**Exercise instructions**:
For this exercise, transcribe every line of the material exactly and skip the pictures.
═══ Data
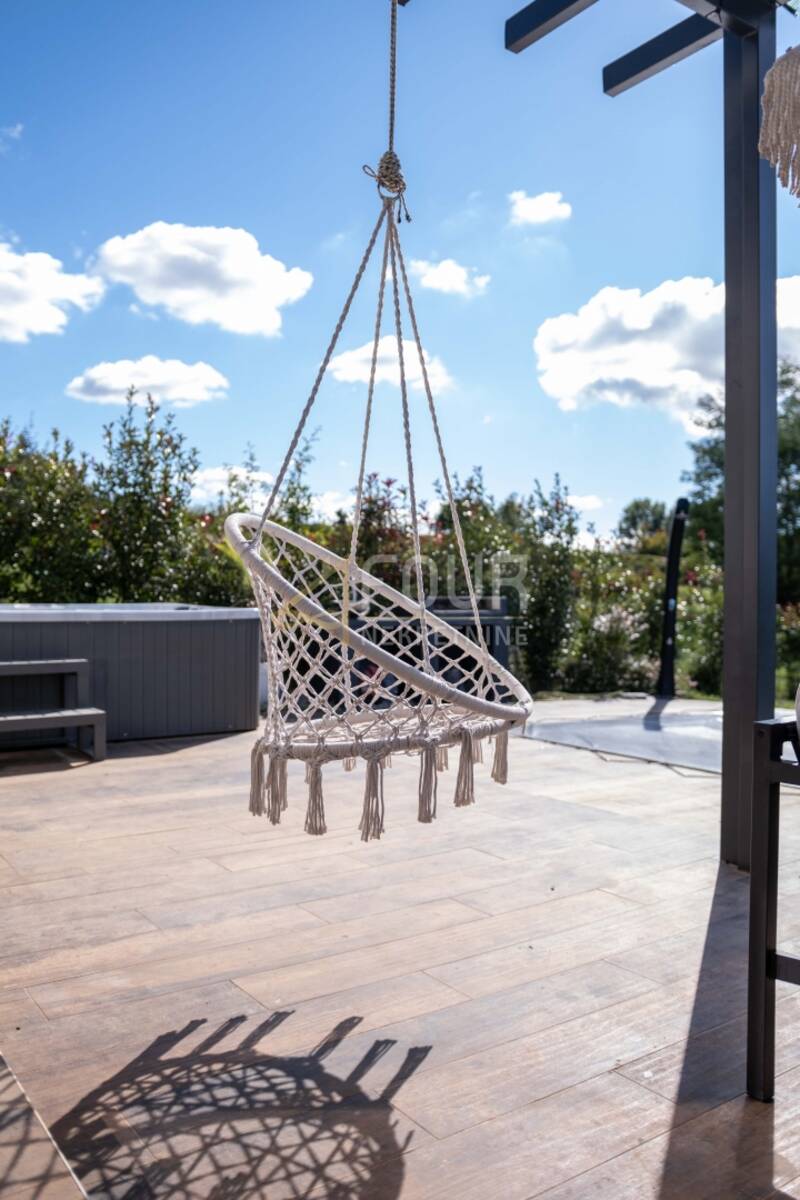 Orijentirana prema jugu, kuća obiluje prirodnim svjetlom i nudi prekrasan pogled na bazen i vinograd.
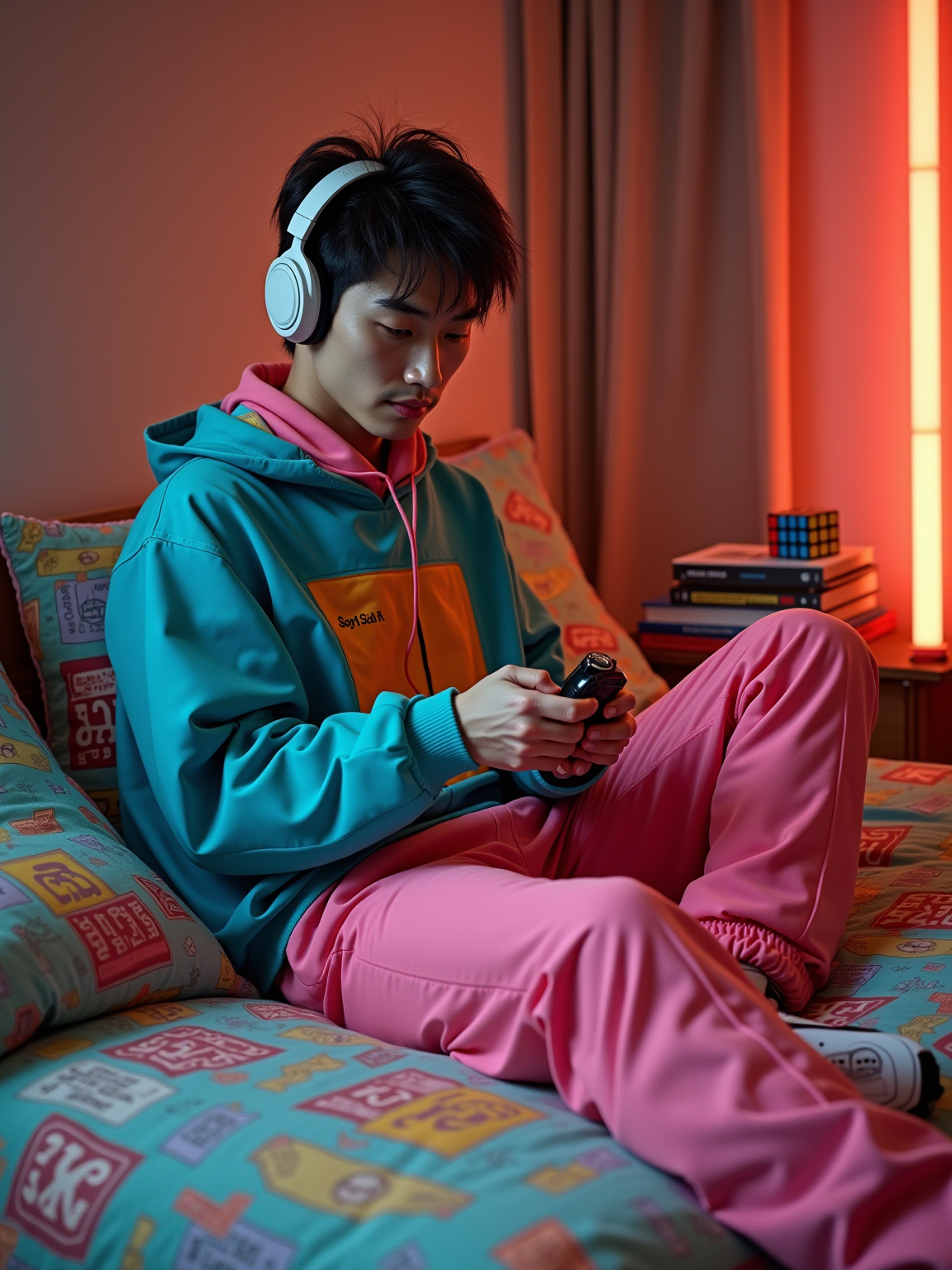 model sitting on a bed covered with geometric neon patterned sheets, wearing Members Only jacket and parachute pants, holding a Sony Walkman with foam headphones, stack of cassette tapes nearby, Rubik's cube on nightstand
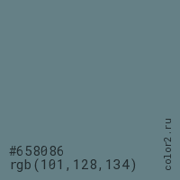 Цвет #658086 в цветовой модели RGB обозначается тремя октетами (101, 128, 134) в десятичном формате и #658086 в шестнадцатиричном (hex) формате, которые являются интенсивностью красного 101 (hex 65), интенсивность зелёного 128 (hex 80) и интенсивность синего 134 (hex 86).
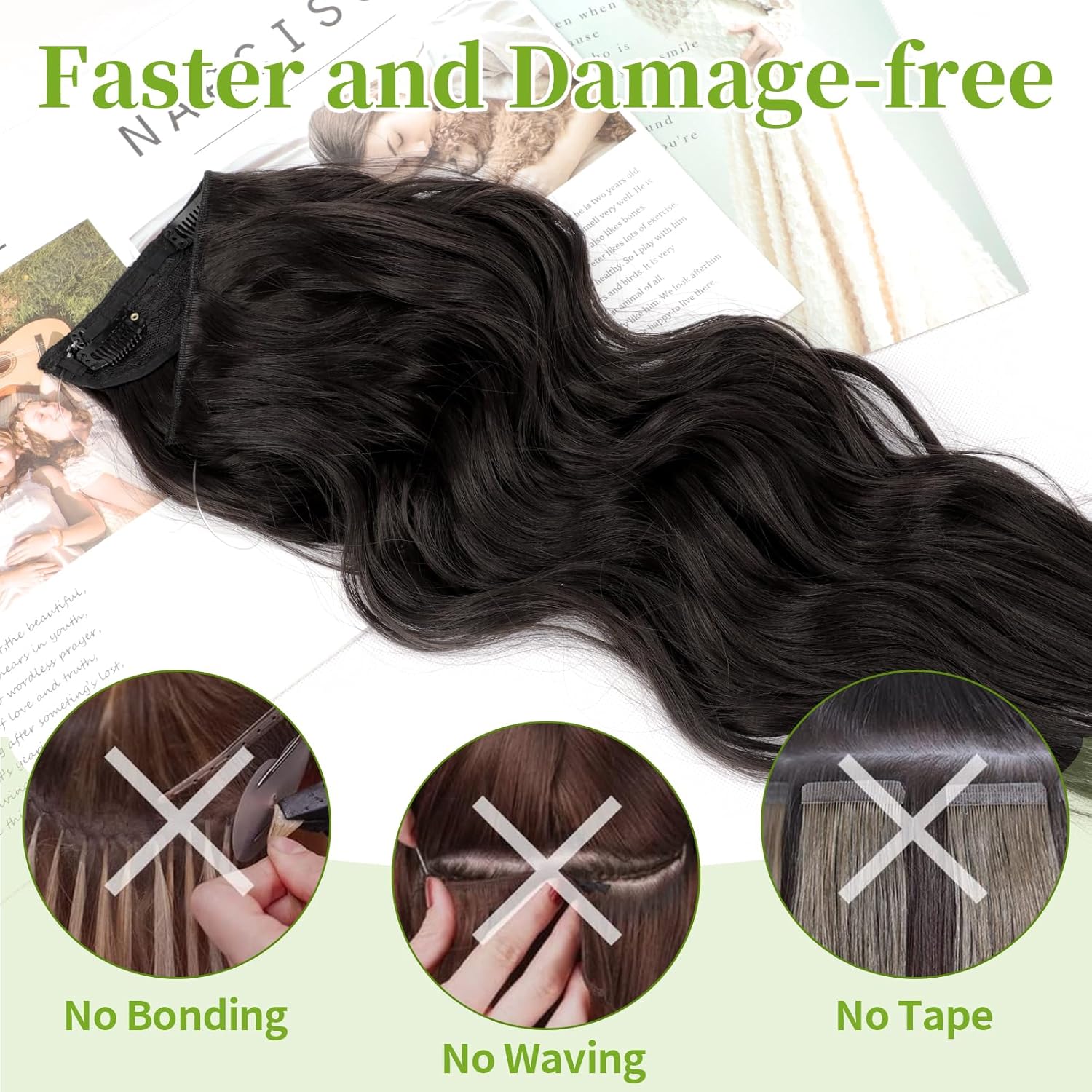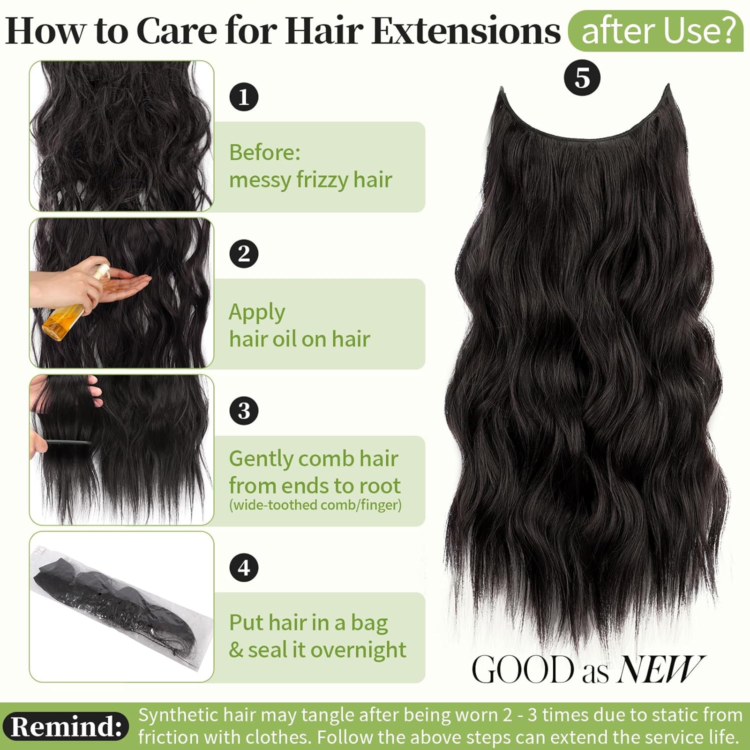 KooKaStyle Invisible Wire Hair Extensions with Transparent Wire Adjustable Size 4 Secure Clips Long Wavy Secret Synthetic Hairpiece 20 Inch 120g Rich Dark Brown with Warm Tones for Women
══════
**Answer area**:
 Orijentirana prema jugu, kuća obiluje prirodnim svjetlom i nudi prekrasan pogled na bazen i vinograd.
 model sitting on a bed covered with geometric neon patterned sheets, wearing Members Only jacket and parachute pants, holding a Sony Walkman with foam headphones, stack of cassette tapes nearby, Rubik's cube on nightstand
 Цвет #658086 в цветовой модели RGB обозначается тремя октетами (101, 128, 134) в десятичном формате и #658086 в шестнадцатиричном (hex) формате, которые являются интенсивностью красного 101 (hex 65), интенсивность зелёного 128 (hex 80) и интенсивность синего 134 (hex 86).
 KooKaStyle Invisible Wire Hair Extensions with Transparent Wire Adjustable Size 4 Secure Clips Long Wavy Secret Synthetic Hairpiece 20 Inch 120g Rich Dark Brown with Warm Tones for Women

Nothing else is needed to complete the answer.